А потом мы с дочерью молча наблюдали, как МакКенна спускается по ступеням, садится в машину и уезжает… И в этот момент мне казалось, что сердце вот-вот разорвётся.

Мила весело заскакала обратно в дом.

— Папа, ты грустишь без причины. МакКенна нас не покидает. Она вернётся.

Боже… как же я завидовал этой детской вере.

♫ ♫ ♫

На следующий день я был на участке, когда поступил вызов — очередное требование от Сибил Ллойд. С тех пор как она оправилась после ножевого ранения, она не унималась, требуя встречи со мной, и я игнорировал её целую неделю. Но теперь она устроила такую истерику, что охранники боялись, что она разорвёт швы.

Я поехал в тюрьму, но вовсе не потому, что меня заботили её чёртовы швы. Нет, у меня была чисто эгоистичная причина. Я хотел, чтобы она поняла: у неё больше нет власти надо мной, над МакКенной или Милой. Её царствование, полное страха и боли, закончилось.

Когда Чейнсо попал в больницу, ему сделали ДНК-тест, и я получил подтверждение — он был биологическим отцом Милы. А когда он умер на операционном столе, я мысленно сказал Вселенной огромное спасибо и не почувствовал ни капли вины.
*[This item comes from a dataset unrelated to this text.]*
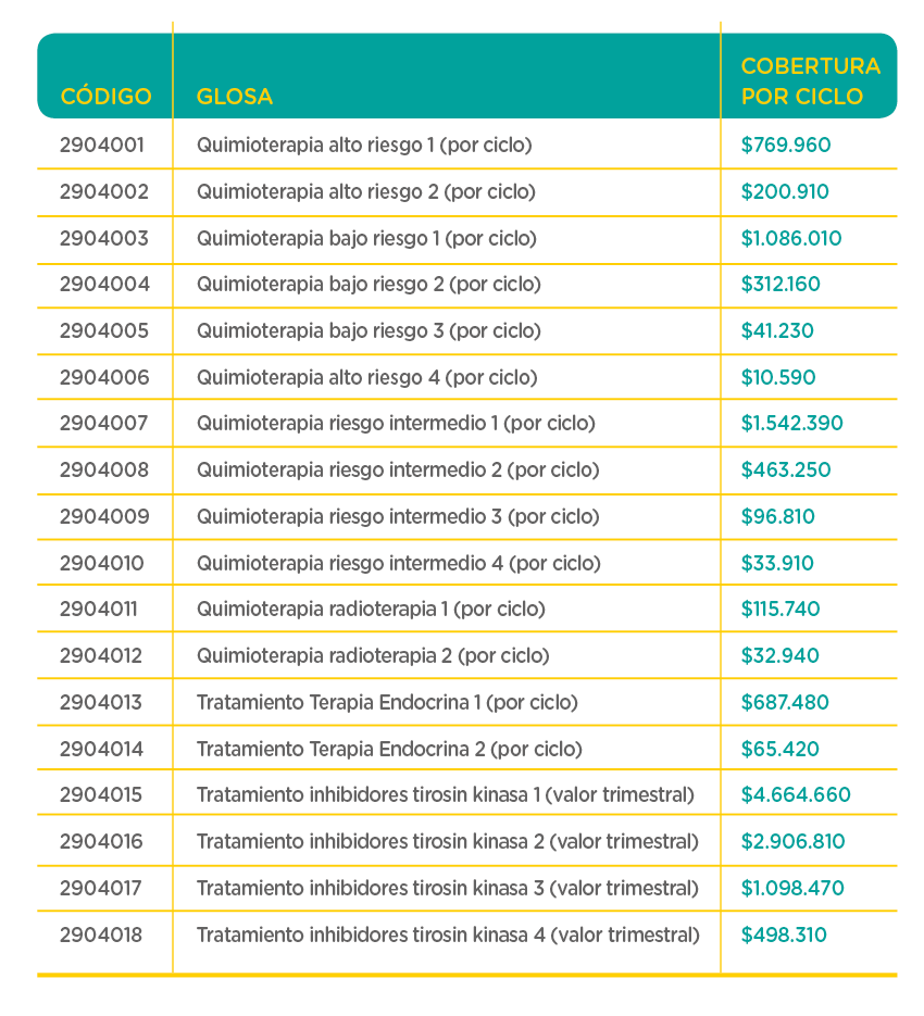 El valor de los esquemas corresponde a un ciclo. Sólo en el caso de tratamientos con inhibidores de tirosin kinasa el valor es trimestral. El valor de los esquemas se actualizará conforme lo haga el arancel FONASA respectivo. La cantidad de ciclos necesarios para el tratamiento se determinará por el médico tratante.

Даже если бы он выжил, мне бы не пришлось беспокоиться о его присутствии в жизни Милы — пуля, которую он всадил в ногу Сэди, была выпущена из того же оружия, что убило Слайдера. Он бы всё равно провёл остаток жизни за решёткой.

Теперь у Сибил не было ни одного козыря, но у меня их было предостаточно.

Она выглядела ужасно, когда её ввели в комнату и прикрепили цепь на ноге к полу под стулом. Ещё хуже, чем в тот день, когда я нашёл её без сознания в луже собственной блевотины, пока в другой комнате плакала Мила.

Скрестив руки на груди, она гневно посмотрела на меня и презрительно бросила:

— Я требую встречи с тобой уже несколько дней, шериф.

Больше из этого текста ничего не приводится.